Stored records
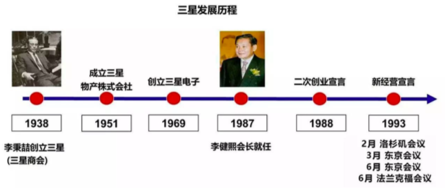 1987年12月,三星集团第二代掌门人李健熙正式接任会长一职。在1988年三星50年庆典上,李健熙宣布集团开始“二次创业”,要把三星发展成为世界一流企业。他强调:如果不能清楚地认识到自己是从哪里来的、比别人落后在什么地方,就无法在这个激烈竞争的时代生存。“二次创业”也是“新经营”变革的前奏。
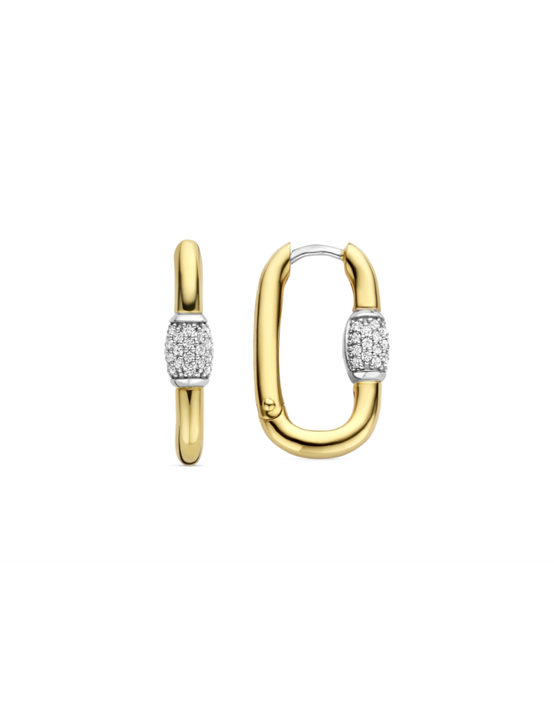 Orecchini in argento 925 con galvanica in oro giallo, Il dettaglio in pavé di pietre di
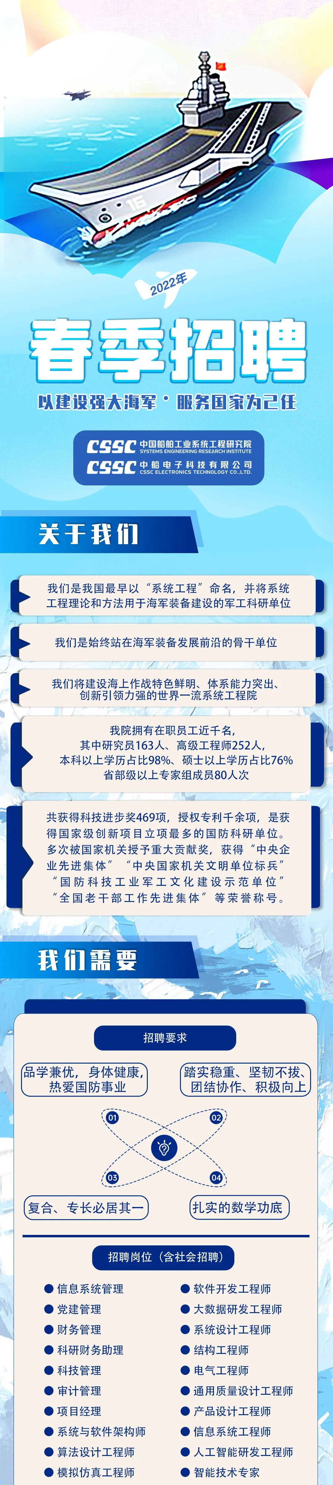 戰艦閃耀,飛鯊翱翔。 大國重器,強國擔當! 這里招賢納士,虛位以待, 讓我們一同感受星辰大海, 讓我們并肩共赴深藍夢想, 這里必將因你而更加精彩!
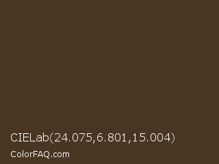 CIELab 24.075,6.801,15.004 Color is a very dark orange color and the nearest color is Black Coffee #4b3621. Hex code #4a3523 and RGB value is rgb(74,53,35). In RGB color space, this color is composed of 29% red, 21% green, 14% blue, In CMYK color space, this color is composed of 0% cyan, 28% magenta, 53% yellow , 71% black , In HSL color space, this color has a hue angle of 28° , 36% saturation and 21% lightness.
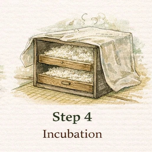 The inoculated rice is placed into trays, covered, and moved into a warm incubation space where the Koji mold begins to grow slowly and naturally.
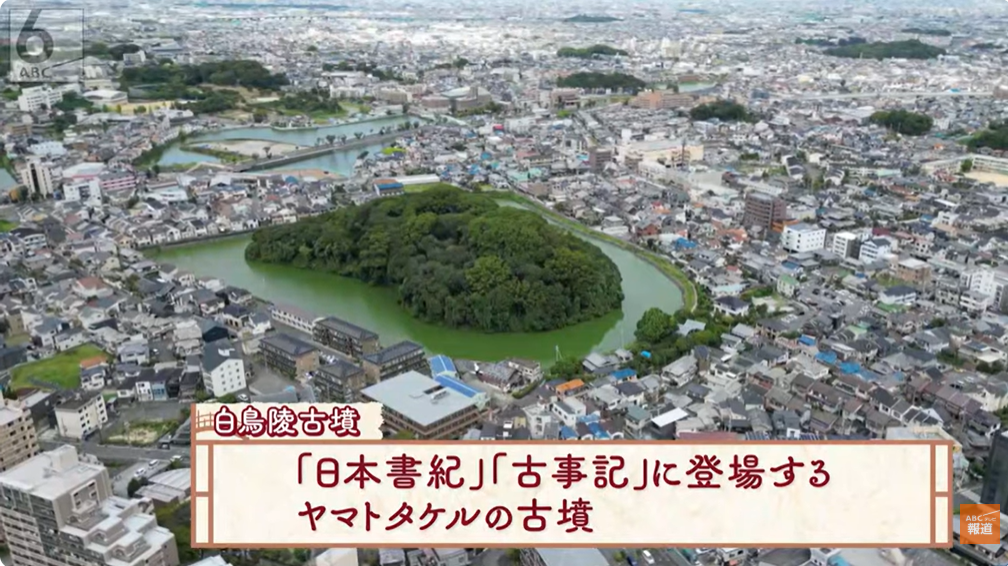 それは、お店の目の前にある大きな古墳。実は店の窓からキレイに見えていたそうで、「しまった、もう一回!」と2人は店内へ。うっかり見過ごすところだったこの「白鳥陵古墳」が、なんとあの「ヤマトタケル」の古墳だとお店の方から聞かされて仰天します。
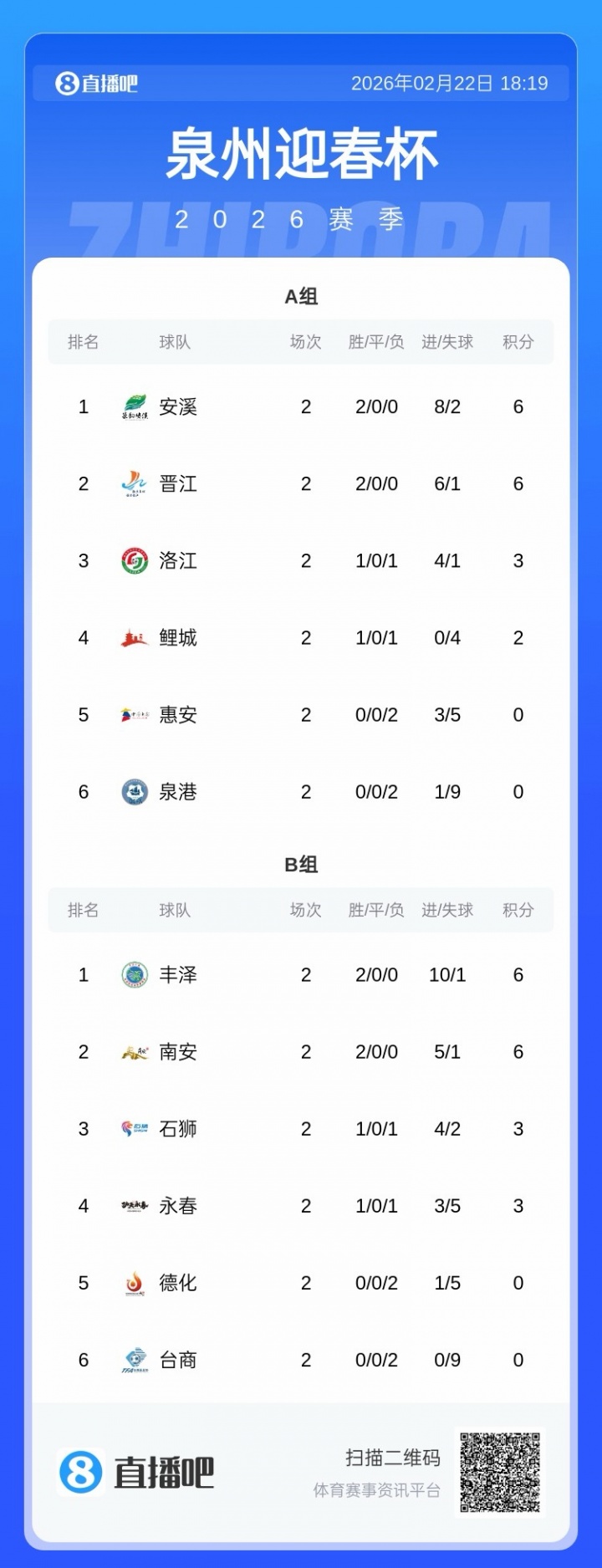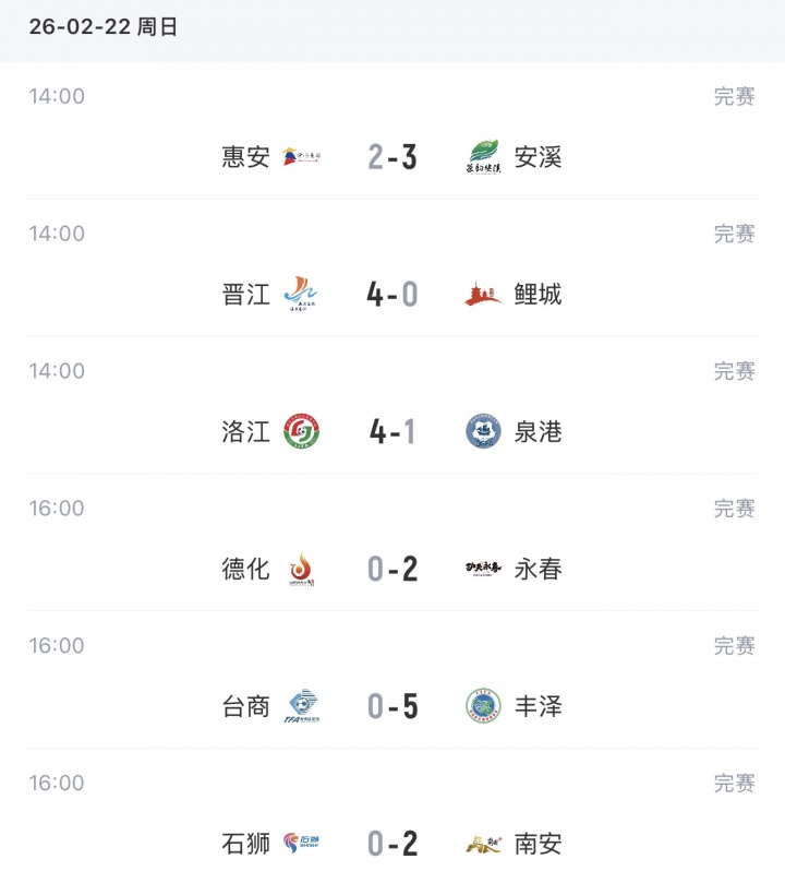 02月22日讯 泉州市首届“迎春杯”足球联赛今天结束6场比赛的争夺,晋江、洛江、丰泽大胜对手,安溪、永春和南安取胜,本文为大家带来每场比赛的进球动图和积分榜情况。
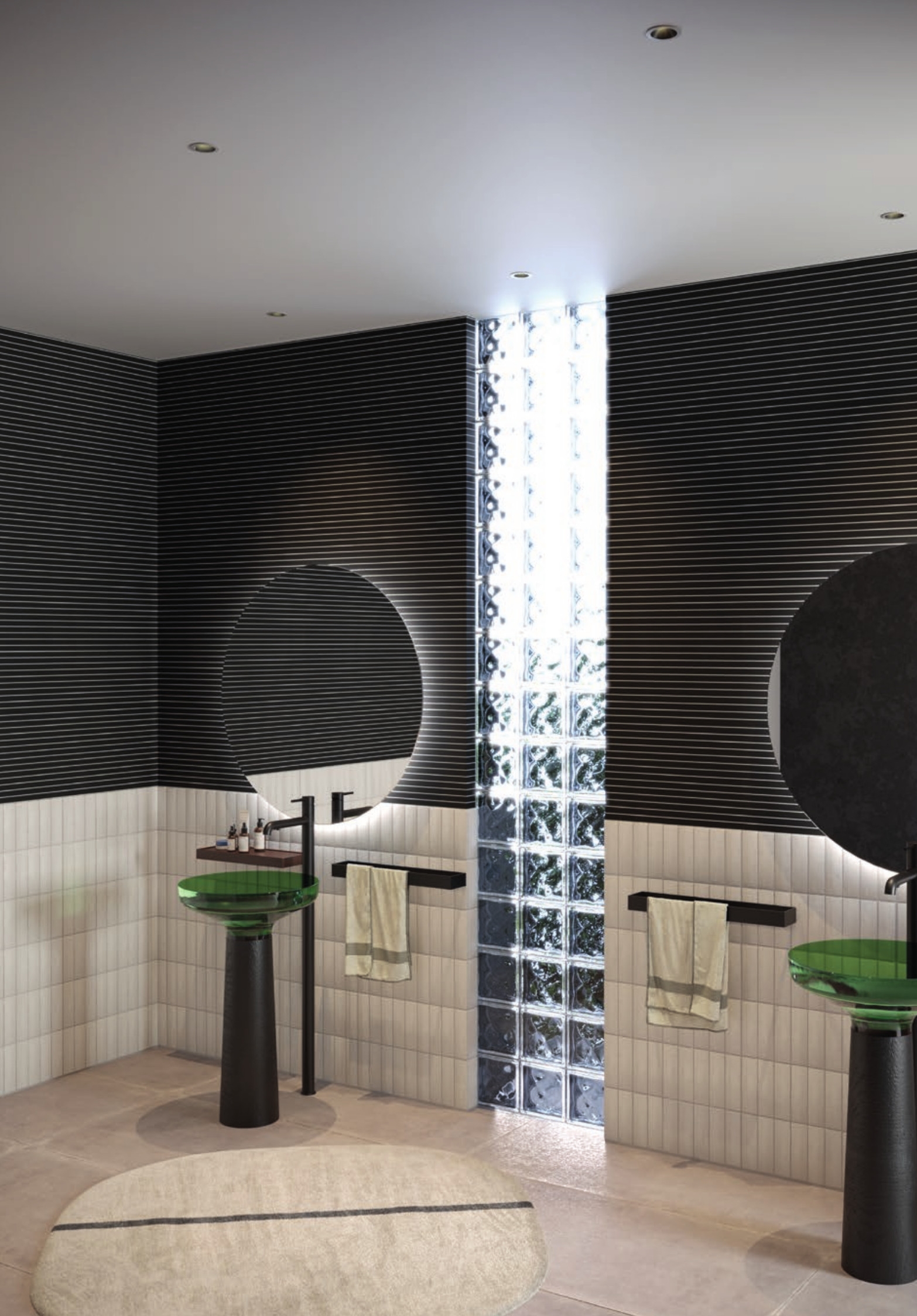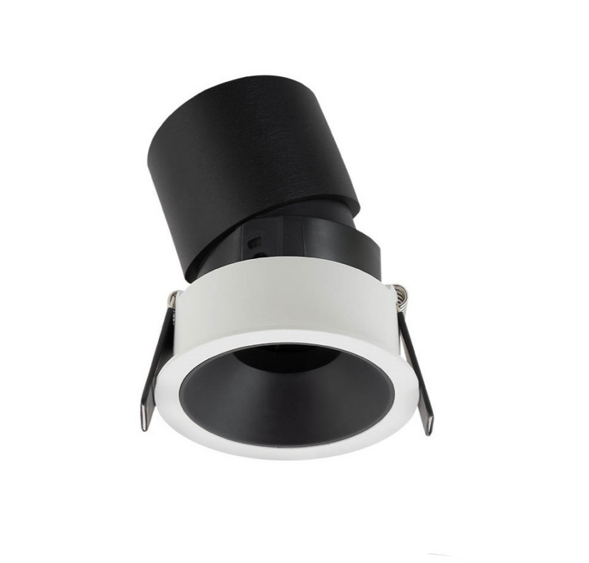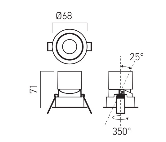 корпус от лят алуминий в пясъчно бяло, радиатор от лят алуминий в черно, рефлектор от фасетиран поликарбонат в сребристо, прозрачен дифузьор от полимер, декоративен пръстен в черно, тялото се накланя до 25° и се върти на 350°
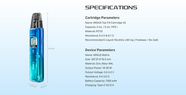Step into the future with the Voopoo ARGUS Matrix Pod System Kit, a stylish and compact pod system featuring a 1350mAh battery, up to 30W output, and a vibrant Curved...
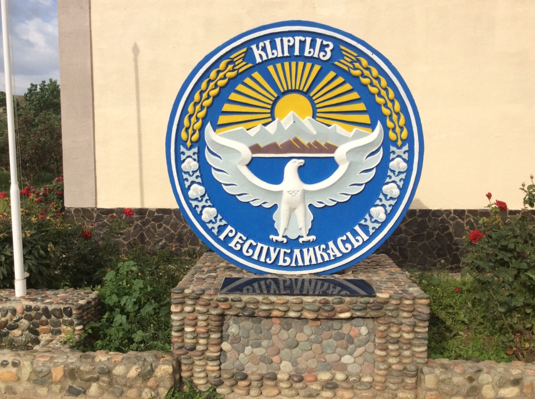 Герб 4 негизги элементтен турат-Ала-Тоо, Ысык-Көл, Ак-Шумкар жана буудай менен пахтанын сабы менен башынан турат…

● REQUIREMENT
Pictures stay out; the records above are otherwise reproduced exactly.

● ANSWER
 1987年12月,三星集团第二代掌门人李健熙正式接任会长一职。在1988年三星50年庆典上,李健熙宣布集团开始“二次创业”,要把三星发展成为世界一流企业。他强调:如果不能清楚地认识到自己是从哪里来的、比别人落后在什么地方,就无法在这个激烈竞争的时代生存。“二次创业”也是“新经营”变革的前奏。
 Orecchini in argento 925 con galvanica in oro giallo, Il dettaglio in pavé di pietre di
 戰艦閃耀,飛鯊翱翔。 大國重器,強國擔當! 這里招賢納士,虛位以待, 讓我們一同感受星辰大海, 讓我們并肩共赴深藍夢想, 這里必將因你而更加精彩!
 CIELab 24.075,6.801,15.004 Color is a very dark orange color and the nearest color is Black Coffee #4b3621. Hex code #4a3523 and RGB value is rgb(74,53,35). In RGB color space, this color is composed of 29% red, 21% green, 14% blue, In CMYK color space, this color is composed of 0% cyan, 28% magenta, 53% yellow , 71% black , In HSL color space, this color has a hue angle of 28° , 36% saturation and 21% lightness.
 The inoculated rice is placed into trays, covered, and moved into a warm incubation space where the Koji mold begins to grow slowly and naturally.
 それは、お店の目の前にある大きな古墳。実は店の窓からキレイに見えていたそうで、「しまった、もう一回!」と2人は店内へ。うっかり見過ごすところだったこの「白鳥陵古墳」が、なんとあの「ヤマトタケル」の古墳だとお店の方から聞かされて仰天します。
 02月22日讯 泉州市首届“迎春杯”足球联赛今天结束6场比赛的争夺,晋江、洛江、丰泽大胜对手,安溪、永春和南安取胜,本文为大家带来每场比赛的进球动图和积分榜情况。
 корпус от лят алуминий в пясъчно бяло, радиатор от лят алуминий в черно, рефлектор от фасетиран поликарбонат в сребристо, прозрачен дифузьор от полимер, декоративен пръстен в черно, тялото се накланя до 25° и се върти на 350°
Step into the future with the Voopoo ARGUS Matrix Pod System Kit, a stylish and compact pod system featuring a 1350mAh battery, up to 30W output, and a vibrant Curved...
 Герб 4 негизги элементтен турат-Ала-Тоо, Ысык-Көл, Ак-Шумкар жана буудай менен пахтанын сабы менен башынан турат…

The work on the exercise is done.